Mix and match QA testing resources with DevOps to ensure optimal chaos test development, execution, and support when testing in production. Add chaos test scenarios to scheduled regression testing even on a test server. Determine what all can be tested first on the test servers and then move into production. Adding chaos tests improves the depth and test coverage of QA testing while providing business value.
Testing with a Blast Radius
Using a blast radius enables production level testing without negatively impacting the production server or taking it down completely. Designate distinct blast radius zones for similar functions. Next, group test scenarios into their related blasting zones.
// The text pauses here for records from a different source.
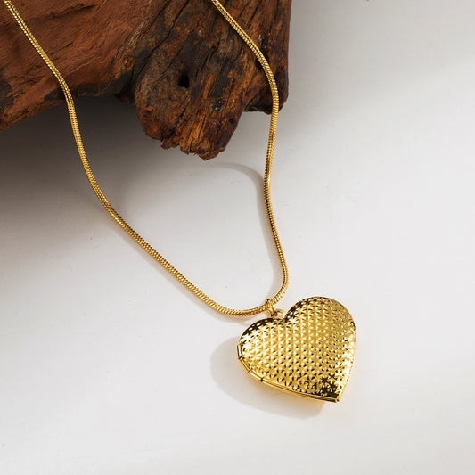 Stainless Steel 18K Gold Plated Modern Style Simple Style Heart Shape Pendant Necklace Locket Necklace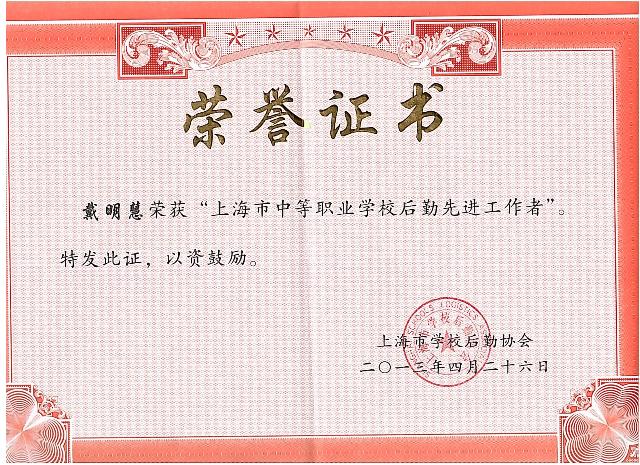 我校戴明慧老师荣获“上海市中等职业学校后勤先进工作者”光荣称号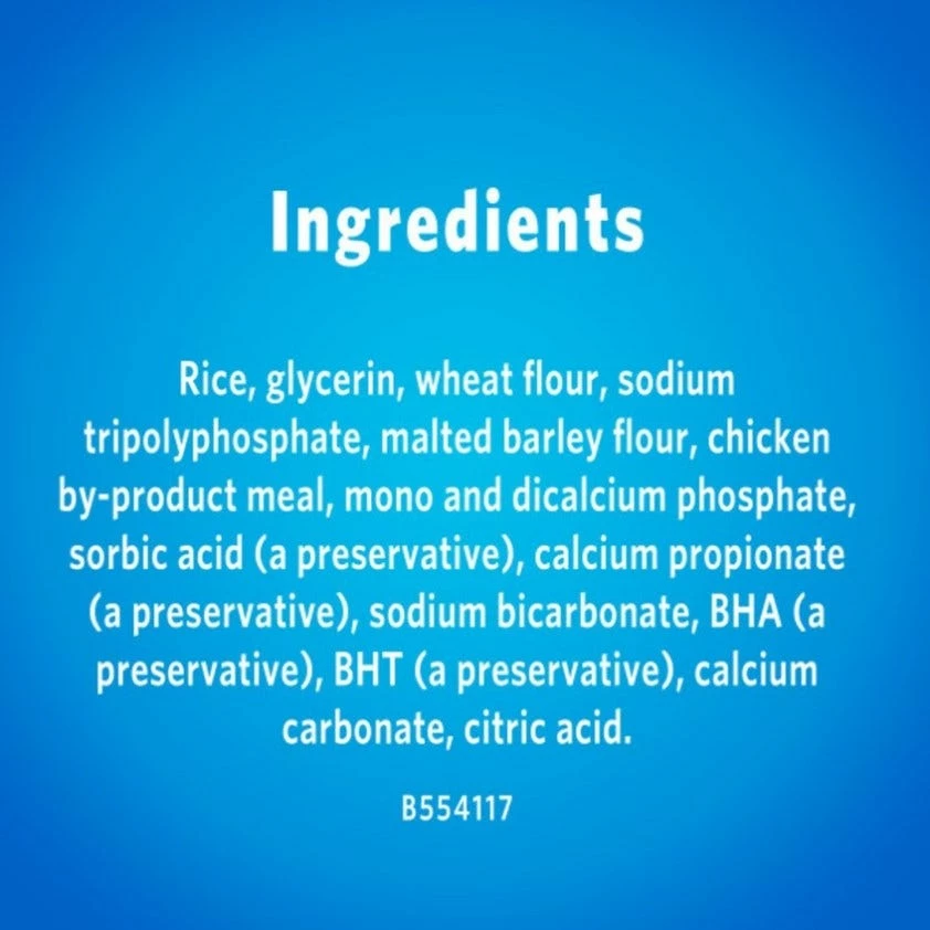 Rice, Glycerin, Wheat Flour, Sodium Tripolyphosphate, Malted Barley Flour, Chicken By-Product Meal, Mono And Dicalcium Phosphate, Sorbic Acid (A Preservative), Calcium Propionate (A Preservative), Sodium Bicarbonate, BHA (A Preservative), BHT (A Preservative), Calcium Carbonate, Citric Acid. B554117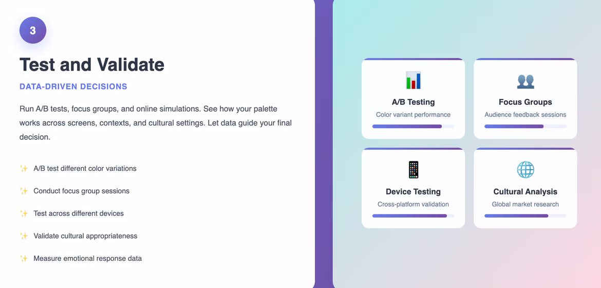 Run A/B tests, focus groups, and online simulations. See how your palette works across screens, contexts, and cultural settings.

Executing tests by blast radius ensures failure to control and reduces the possibility of unexpectedly and completely crashing the production server.
During chaos engineering testing, expect disruption. Coordinating efforts between IT, DevOps and QA testing is critical to minimize adverse effects on the production server and the customer experience. Ensure redundancy measures are in place to keep the server operational when chaos engineering testing causes issues.
One basic blast radius worth considering is the timing of test execution. Execute tests at non-peak periods to minimize performance impact on customers.
Chaos engineering creates real-world hardware, distributed software, and application failures in distributed systems. Chaos provides deeper testing into the vulnerabilities present in complex, integrated computer systems and the hardware they use. The purpose of chaos engineering is to ensure production server integrity.
Chaos engineering improves customer experience by reducing the number of failures or system crashes possible or present in production. Chaos engineering testing is executed by DevOps or QA testing teams on production servers with resources ready and able to keep production running in case of issues. The key to success is coordination and cooperation between DevOps and QA testing teams. Chaos works better by leveraging operational, test development, and defect-finding skills. Eliminate downtime on production and disruptions to the customer experience by executing chaos testing frequently.